Source:
https://scmp.com/lifestyle/arts-culture/article/1278588/review-planets
Lifestyle/ Arts & Culture

Review: The Planets

David Robertson conducts Hong Kong Philharmonic in the concert titled “Holiday Pops & More: The Plants” on July 5-6 at the Hong Kong Cultural Centre Concert Hall. Photo: Handout

The Planets
Hong Kong Philharmonic
HK Cultural Centre Concert Hall
Reviewed: July 5

The Hong Kong Philharmonic’s final programme of the season concluded with Holst’s The Planets, a 50-minute work requiring vast forces, including quadruple woodwind and massed timpani. And what better person to put in charge of it than David Robertson (right), the American conductor with experience of directing the world’s biggest musical knees-up at the BBC’s Last Night of the Proms in 2009?

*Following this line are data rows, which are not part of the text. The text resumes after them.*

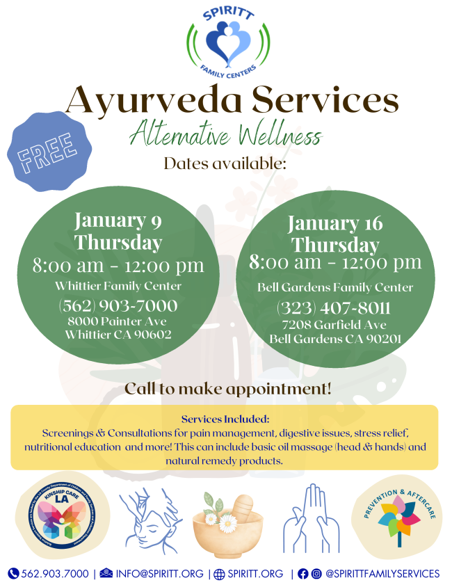 SPIRITT is hosting Ayurveda at our Whittier Family Center (English) and our Bell Gardens Family Center (Spanish). Ayurveda is based on the idea that disease is due to an imbalance or stress in a person's consciousness, it encourages certain lifestyle interventions and natural therapies to regain a balance between the body, mind, spirit, and the environment.
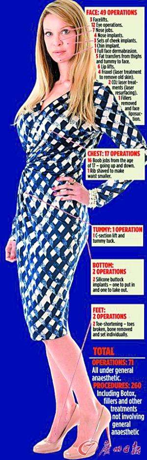她随后陆续接受16次隆胸术、6次隆鼻、11次眼部提升、脸型修整、面部整体提升、腹部除皱、臀部植入、垫下巴、去除下巴植入物等。她还让整形医生帮她缩短肋骨,令身材更苗条;缩短脚趾,“以便穿着高跟鞋时更好看”。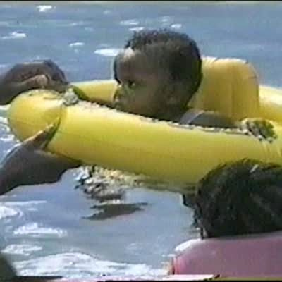 A young boy on a tube in a wave pool at a water park repeatedly says "And now, Tom Bergeron!" Introductions. Good take at :38.

But is there a worse way to put a dampener on the resources than to have sterile projections of the planets scrolling on a pair of side screens throughout the performance? This necessitated dimming the stage lights, casting the players into the role of a pit orchestra and forming a distracting mismatch between Holst’s humanising of the astrological characters through musical subtleties and the solid-rock uniformity of the images.

The performance inevitably got a broad-brush approach as a result, working best in Mars, the Bringer of War, where the brass section’s muscle and the percussion’s brawn proved a formidable weapon. Venus, the Bringer of Peace, however, sounded matter-of-fact; Mercury, the Winged Messenger was nifty enough but lacked light-headedness; while Jupiter, the Bringer of Jollity suffered from split trumpet notes. Saturn, Uranus and Neptune mustered more personality, ladies from the Chamber Youth group of the Hong Kong Children’s Choir providing the mystical off-stage vocals.

The first half also cruised the solar system, if only by dint of the two work’s titles. First up was Nielsen’s Helios, ancient Greece’s personification of the sun, written by the Danish composer under its intense glare while in Athens. It portrays the sun’s movement from sunrise to sunset through its noonday zenith, but the work’s construction has none of the star’s smooth trajectory. Robertson steered the piece with authority, however, securing an inner momentum that didn’t rely on heightened dynamics alone.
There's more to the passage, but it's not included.